Slingshot – e-flux Education

June 25, 20244 Mins Read


Slingshot: 2024 MFA in Visual Art thesis exhibition features the culminating work of nine artists who graduated this spring from the Graduate School of Art in the Sam Fox School of Design & Visual Arts at Washington University in St. Louis.

The exhibition title holds a variety of associations for the candidates, including references to childhood and play, gravity, movement, tension, and release. The artists explore such themes as the body, identity, the built environment, and technology through a range of aesthetic practices and mediums that include collage, drawing, painting, sculpture, and photography.

Emily Elhoffer, an interdisciplinary artist whose work is inspired by hidden forms and processes of the body, says their Self-Portrait is a result of “my research involving the generation of imagined, or virtual bodies to discuss topics within technology and contemporary feminist discourse.” 

Jordan Geiger is a multi-disciplinary artist, musician, and thinker who explores the intersection of the sacred and profane, the invisible and visible, and traditional mystical practices and contemporary life. Geiger’s The Buddha Maitreya merges an Eastern sensibility with Midwestern folk traditions. 

Joni P. Gordon defines her work as artivism (art activism), exploring racism, colorism, and the possibilities of healing through art. [W]hole, explains Gordon, “confronts displacement, colorism, my ancestry, and racial identity. I question both the possibility and one’s attempt to heal from the psychological scars caused by racial discrimination.”

Mad Green is an interdisciplinary, Queer artist who makes work about themselves. As they reflect on their childhood inside the ring, their work tangles with the dichotomy between toughness and tenderness. “When experiencing my work, I hope Queer people are motivated to lean into their rage,” Green explains.

Sophia Hatzikos’s work reimagines elsewhere by translating place. Connecting human experience with landscape, she questions current practices and acceptance of infrastructural systems. Hatzikos’s installation Absence is constructed of 141 hydraulic press molds of terracotta relief tiles, a project made possible via the time, energy, and technical expertise of over forty members of the community.

Micah Mickles is a multi-disciplinary artist from St. Louis, compelled by photography, printmaking, and graphic design. Whether working within the realm of digital or analog processes, he finds collage, color, and the manipulation of space to be of profound interest and commonplace in his practice. Mickles says Rayfield’s Chamber “delves into the themes of loss, memory, and healing through preservation. It was inspired by the sudden passing of my father, which left me without the chance to say goodbye.” 

Sarah Moon’s mixed media canvases present a girly, escapist playscape of unapologetic ornamentation; fuchsias, blues, and acid greens freak out in layered brush strokes, drips, and swirling orbs.
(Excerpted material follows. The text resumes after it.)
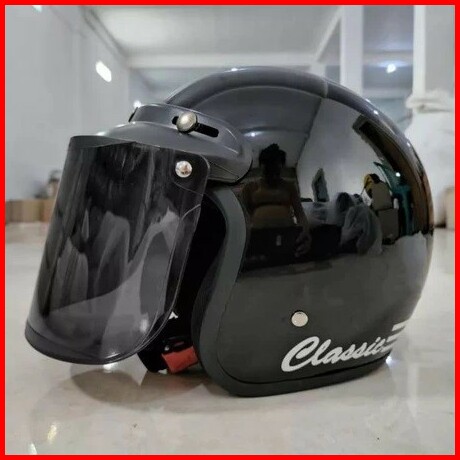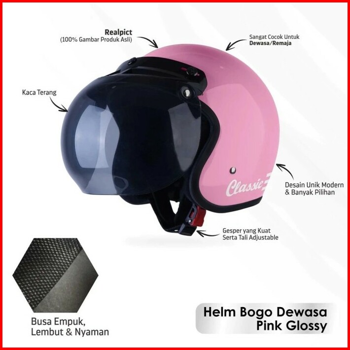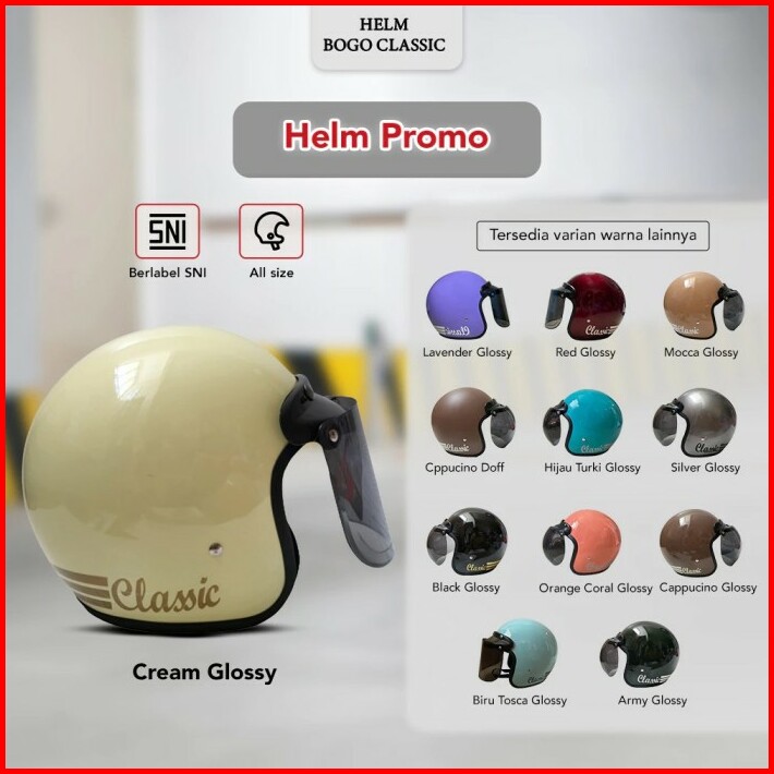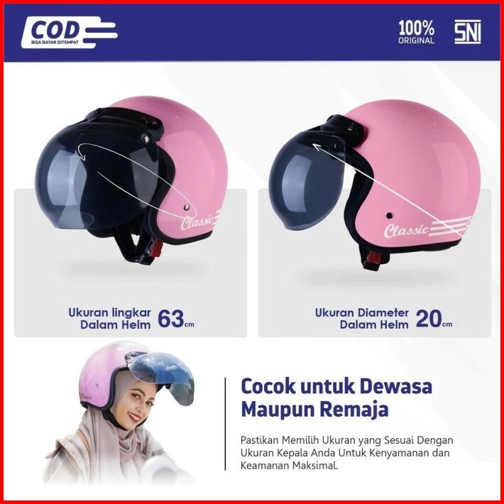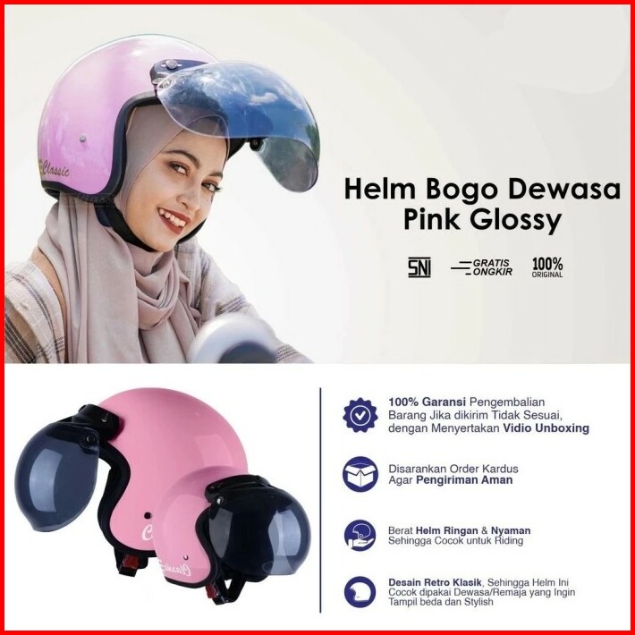 Helm Pria Wanita Dewasa Hijab Bogo Classic Garis Oren Glossy Kaca

Moon says, “I hope people are filled with wonder and transported to another space. In our present time, we need art, more than ever, that apprehends our present situation, but we also desperately need art that suspends reality and gives us a mental haven to recharge and escape.”

Samantha Neu’s work “explores the various facets of being a material body — erotic, intimate, grotesque, fragile, transient, humorous,” she explains. Homesick is a looming, larger-than-life sculpture constructed primarily out of insulation foam and resembling a tongue. “While the viewer is not allowed to touch this sculpture, there is an imagined gesture,” Neu says. “[The viewer] can think of how their body would climb or slide on the sculpture, drawing awareness to their body’s presence in this experience.”

Lynne Smith is an artist, designer, and educator. She examines the complexity of entanglements by holding hands with material. While her work spans mediums, she finds profound grounding for her practice and spirit within the architecture of the warp and weft. Of Every One and W14, W15 (whatever it takes), Smith says, “I hope viewers will arrive as they are and feel open to slow looking,” Smith says. 

The exhibition is organized by Leslie Markle, curator for public art at the Mildred Lane Kemper Art Museum.